On ne nait pas avec des engagements. C’est une certaine sensibilité que j’ai toujours eue pour le monde du vivant, élevé dans une ferme, passant ma vie dehors, curieux et émerveillé par la nature. A la fin des années 80, je suis venu en Savoie faire un stage agricole et j’y ai rencontré des gens qui pratiquaient l’agriculture bio. L’étincelle en moi est devenue flamme. J’ai arrêté mes études agricoles et commencé à vendre des produits bio sur les marchés.

Jusqu’au jour où vous commencez à fabriquer votre propre pain…

En Picardie, j’ai repris avec mon beau-frère la construction d’un projet de fournil. C’était un tout petit local avec un petit four en brique où j’ai fait mes premières armes. C’était plus que de l’artisanat ; vraiment authentique et 100 % bio.
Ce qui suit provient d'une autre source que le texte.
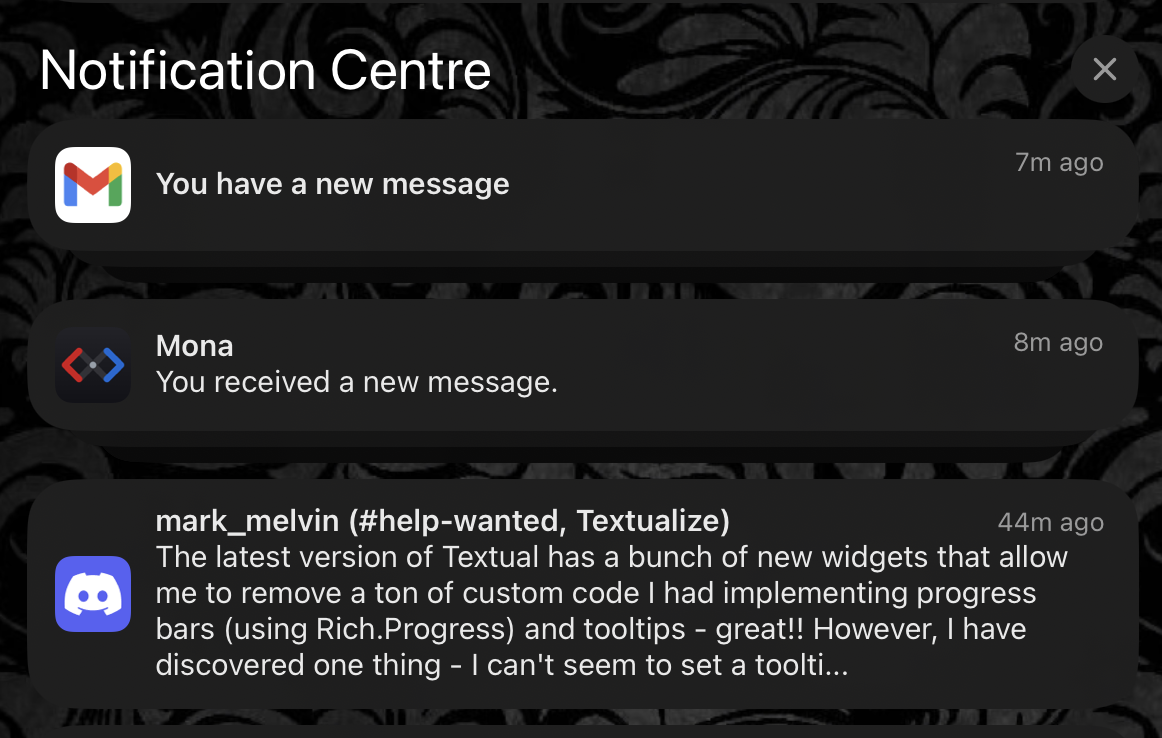 Notifications for the same apps preview fine on the iPhone and the Macs.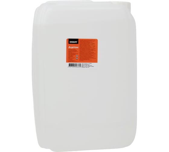 Ацетон Gigant канистра 20л GAC-20 позволяет растворять нитролаки, нитрокраски и органические вещества, из-за чего с его помощью можно обезжирить как керамические поверхности, так и любые другие (металл, древесины, бетон). Большое количество вещества может разрушить волокна целлюлозы и резины, а также помочь с устранением солевого налета.

Votre engagement va-t-il aussi jusque dans la construction de vos locaux ?
Nous avons deux sites de production : l’un dédié à la chocolaterie et la confiserie, qui était le site historique, et le deuxième de 2 000m², dédié à la biscuiterie et à la boulangerie, dans des bâtiments BBC (norme basse consommation, ndlr) avec des matériaux écologiques : beaucoup de bois, des isolants à base de fibre de bois et de chanvre, des capteurs solaires, de la récupération d’eau de pluie… Nous avons conçu ces bâtiments sur les bases du Feng Shui, travaillé avec un géobiologue pour choisir un environnement propice où les gens puissent s’épanouir et que les produits puissent en profiter.
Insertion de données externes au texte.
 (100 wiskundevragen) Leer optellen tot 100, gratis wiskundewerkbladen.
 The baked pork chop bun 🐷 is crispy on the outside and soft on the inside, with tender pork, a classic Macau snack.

A l’approche de Pâques les chocolats arrivent en tête de gondole. Les vôtres sont issus du commerce équitable.
Pour tous nos échanges de produits Nord-Sud, comme le sucre, le chocolat, la noix de coco, nous sommes dans des démarches de commerce équitable. Notre cacao vient de Saint-Domingue (République Dominicaine), où nous développons des filières avec des petits producteurs. Nous ne leur achetons pas seulement de la matière, nous avons un projet de développement, en amenant des technologies qui leur procurent une certaine autonomie – des outils pour transformer le cacao, par exemple, et une rémunération qui leur permet d’être complètement indépendants.

Qu’est-ce que votre chocolat a de plus qu’un chocolat traditionnel ?
Il n’y a pas de traitement chimique au niveau de la culture, ni de destruction de la forêt naturelle ! Aujourd’hui, des entreprises pratiquent la déforestation pour créer de grands espaces de production et des cacaotiers qui poussent à découvert. Ça, chez nous, c’est niet !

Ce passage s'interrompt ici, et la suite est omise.